Assignment>
Beneath this line are entries. Copy the range from the line with "Referencia: E7685Descubre la" to the line with "本次公告中的22款洗掃車的底", ends included, exactly; leave pictures out.

Given records>

■ ■ ■ ■ ■ ■ ■

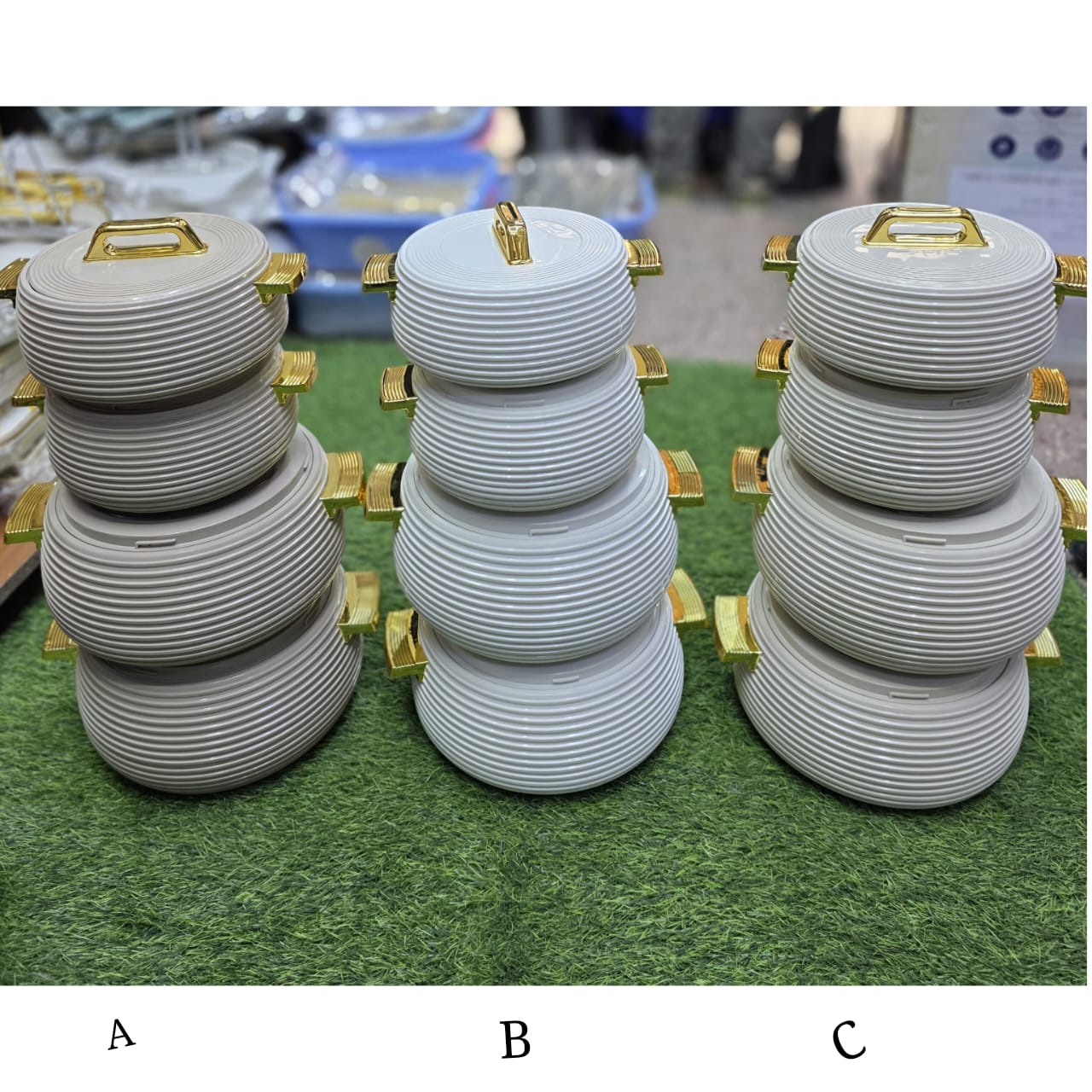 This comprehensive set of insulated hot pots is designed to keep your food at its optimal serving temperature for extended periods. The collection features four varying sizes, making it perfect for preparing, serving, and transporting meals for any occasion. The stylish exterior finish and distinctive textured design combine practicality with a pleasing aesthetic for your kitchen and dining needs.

■ ■ ■ ■ ■ ■ ■

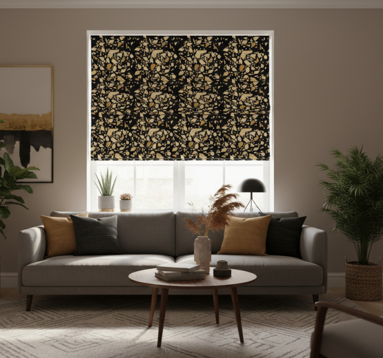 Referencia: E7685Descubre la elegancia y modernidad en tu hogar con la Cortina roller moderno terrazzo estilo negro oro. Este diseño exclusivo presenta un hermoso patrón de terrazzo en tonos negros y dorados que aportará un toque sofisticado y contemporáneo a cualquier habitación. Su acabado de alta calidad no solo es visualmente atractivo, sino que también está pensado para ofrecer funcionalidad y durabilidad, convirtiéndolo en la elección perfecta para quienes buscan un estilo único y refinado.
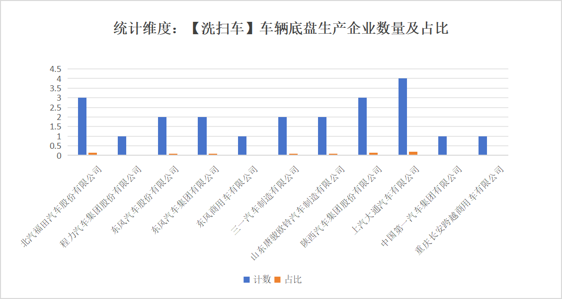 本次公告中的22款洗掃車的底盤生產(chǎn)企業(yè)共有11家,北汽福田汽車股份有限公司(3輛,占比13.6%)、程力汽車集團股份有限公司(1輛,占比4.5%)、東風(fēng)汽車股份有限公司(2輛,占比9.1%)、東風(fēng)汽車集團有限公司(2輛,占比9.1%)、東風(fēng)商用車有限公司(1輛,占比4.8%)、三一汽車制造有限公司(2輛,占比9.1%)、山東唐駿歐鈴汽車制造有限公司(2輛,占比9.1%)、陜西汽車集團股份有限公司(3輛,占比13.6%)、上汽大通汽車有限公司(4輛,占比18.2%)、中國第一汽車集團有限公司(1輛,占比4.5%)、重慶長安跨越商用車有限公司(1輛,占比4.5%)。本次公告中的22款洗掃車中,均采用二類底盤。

■ ■ ■ ■ ■ ■ ■

Answer to the problem>
 Referencia: E7685Descubre la elegancia y modernidad en tu hogar con la Cortina roller moderno terrazzo estilo negro oro. Este diseño exclusivo presenta un hermoso patrón de terrazzo en tonos negros y dorados que aportará un toque sofisticado y contemporáneo a cualquier habitación. Su acabado de alta calidad no solo es visualmente atractivo, sino que también está pensado para ofrecer funcionalidad y durabilidad, convirtiéndolo en la elección perfecta para quienes buscan un estilo único y refinado.
 本次公告中的22款洗掃車的底盤生產(chǎn)企業(yè)共有11家,北汽福田汽車股份有限公司(3輛,占比13.6%)、程力汽車集團股份有限公司(1輛,占比4.5%)、東風(fēng)汽車股份有限公司(2輛,占比9.1%)、東風(fēng)汽車集團有限公司(2輛,占比9.1%)、東風(fēng)商用車有限公司(1輛,占比4.8%)、三一汽車制造有限公司(2輛,占比9.1%)、山東唐駿歐鈴汽車制造有限公司(2輛,占比9.1%)、陜西汽車集團股份有限公司(3輛,占比13.6%)、上汽大通汽車有限公司(4輛,占比18.2%)、中國第一汽車集團有限公司(1輛,占比4.5%)、重慶長安跨越商用車有限公司(1輛,占比4.5%)。本次公告中的22款洗掃車中,均采用二類底盤。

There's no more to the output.